Она сказала об этом так спокойно, как будто это не ее Павел застал три дня назад на кухонном столе с мужчиной. Впрочем, он уже не удивлялся ее вялому спокойствию во всех случаях жизни.
– Ну, в общем, – сказала Алена.
– Что – в общем?
– Ничего, просто так. Поговорка такая. А Антона ты навещай. Пожалуйста, сколько хочешь. Жалко мне, что ли? Наоборот, хорошо.
– Насчет денег… – начал было Павел.
– Я на алименты подавать не буду. Все-таки сама виновата, зачем карьеру тебе портить?
– Я не собираюсь делать милицейскую карьеру, – поморщился Павел. – На Антона буду давать, сколько нужно. Ну, и навещать, конечно.
Как глупо все это было, как тоскливо! И зачем, зачем?!
Так, в сплошном болоте безразличия, закончилась его семейная жизнь.
Тим позвонил ночью, не боясь разбудить: знал, что мама ложится поздно. Он вообще звонил так часто, что иногда Вере казалось, сын и не уезжал никуда – сидит себе в своей башенке на углу Кривоколенного переулка и рассказывает, как прошел его день.
– В общем, со здешним обществом я, можно считать, сошелся, – звучал его веселый голос в трубке. – В церковь, правда, не хожу. Но у них тут с этим делом без напряга, так что все мне все равно улыбаются.
– Может, они из вежливости только улыбаются.

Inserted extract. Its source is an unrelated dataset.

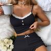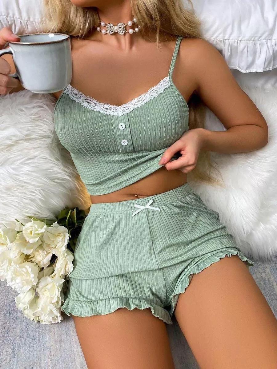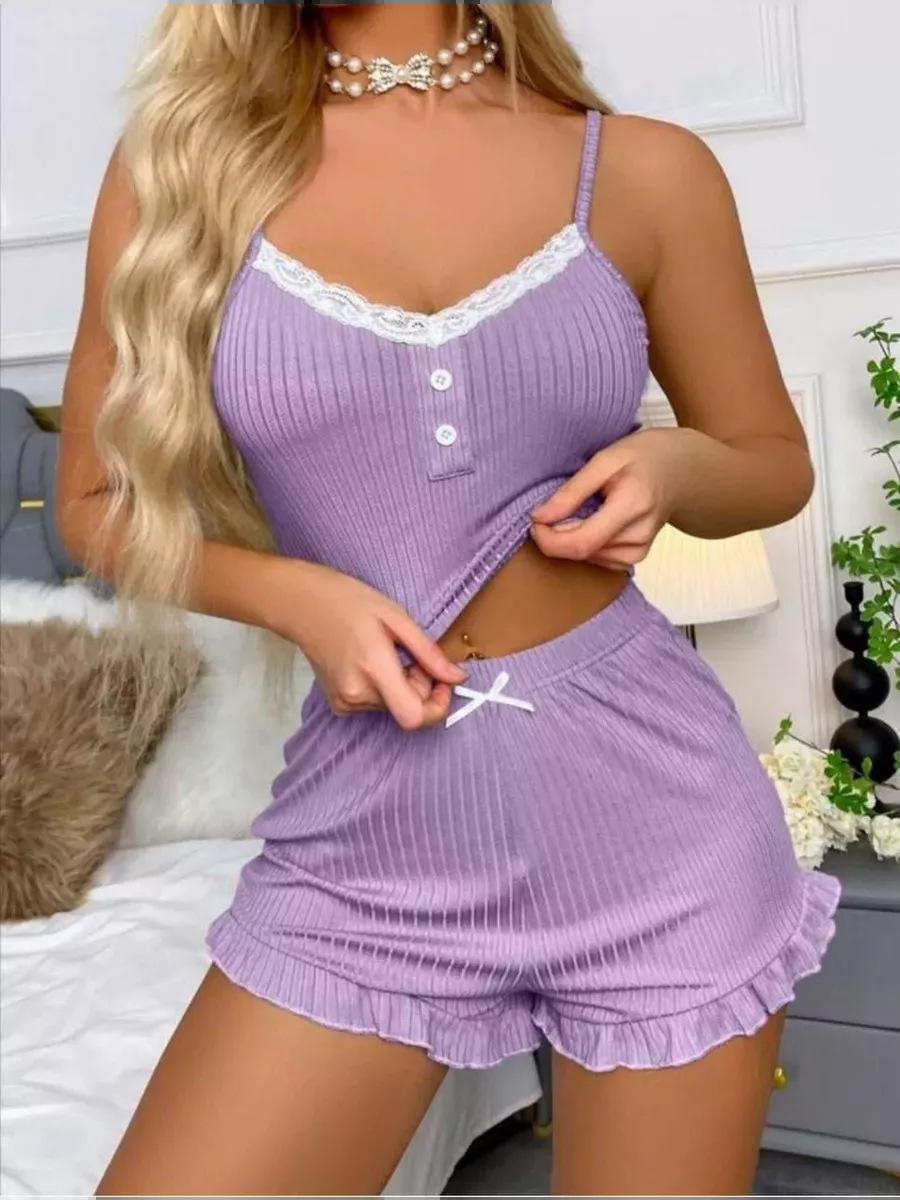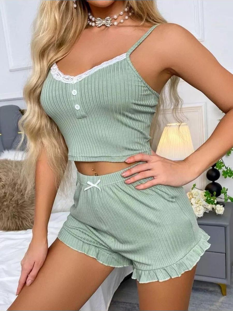 Conjunto de Pijama Sexy de Encaje con Liguero Nuevo Europeo y Americano Shorts Pijama para Mujer Ropa para el Hogar

Вера и сама улыбнулась, слушая Тима.
– Может, – не стал спорить Тим. – Но мне же не семнадцать лет, ма. Улыбаются – и достаточно, и спасибо на том. Случись что – помогут. В моем возрасте уже начинаешь ценить такие вещи, – важно добавил он.
– Какой ты у меня мудрый! – рассмеялась Вера. И осторожно поинтересовалась: – А Алиса?
– Что Алиса?
– Она к тебе хоть приезжает?
– Приезжает. – Вера почувствовала, что сын улыбнулся. – Раз в неделю. Или я в Нью-Йорк. Недавно на премьеру к ней летал. Скоро сезон на Бродвее закроется, она на ранчо ко мне переберется.
– Но что же все-таки дальше будет, Тим? – вздохнула Вера. – Нельзя же так всю жизнь.
– Почему нельзя?
Его голос звучал чуть насмешливо и снисходительно – как будто мама была маленькая девочка и в этом качестве вполне могла задавать наивные вопросы.
– Ну… Потому что ты здесь, она там.
– Или я там, она тут. – Он опять улыбнулся. – Это неважно, ма. То есть я хотел бы, конечно, чтобы она всегда была рядом со мной. Но судьба, значит, у нас другая! – проговорил он с цыганским подвыванием. И добавил уже другим, серьезным тоном: – Я ее люблю, ма. И исходя из этого живу. Да мы с ней вообще по чашке живем! То есть по двум уже чашкам.
Вообще-то вторая чашка осталась в Москве у Веры. И сейчас, разговаривая с сыном, она взглянула на знакомую надпись, вьющуюся по фарфору: «Ни место дальностью, ни время долготою не разлучит, любовь моя, с тобою».
– Ладно, – улыбнулась Вера. – В самом деле, что я тебя жизни учу? Кто б меня научил…
– А что такое? – насторожился Тимофей.
– Да ничего. – Она поскорее перевела разговор на другое. – Ты где сейчас сидишь?
– Под персиковым деревом на веранде. Она тут старая такая, с балясинами. На одной имя вырезано – Эстер. По-русски.
– Алисина бабушка вырезала?
– Нет, ее муж, Алисин дед то есть. Кевин Давенпорт. Тут, ма, такая история! Сплошная любовь. Так что Алиске есть в кого.
Вера представила, как Тим сидит на веранде под персиковым деревом, и незнакомое это имя, вырезанное на старинной балясине, представила тоже, и подумала, что не должна учить его, как ему быть счастливым с женщиной, которую он любит, потому что чувство жизни у ее сына острее, чем у нее самой. Сплошная любовь…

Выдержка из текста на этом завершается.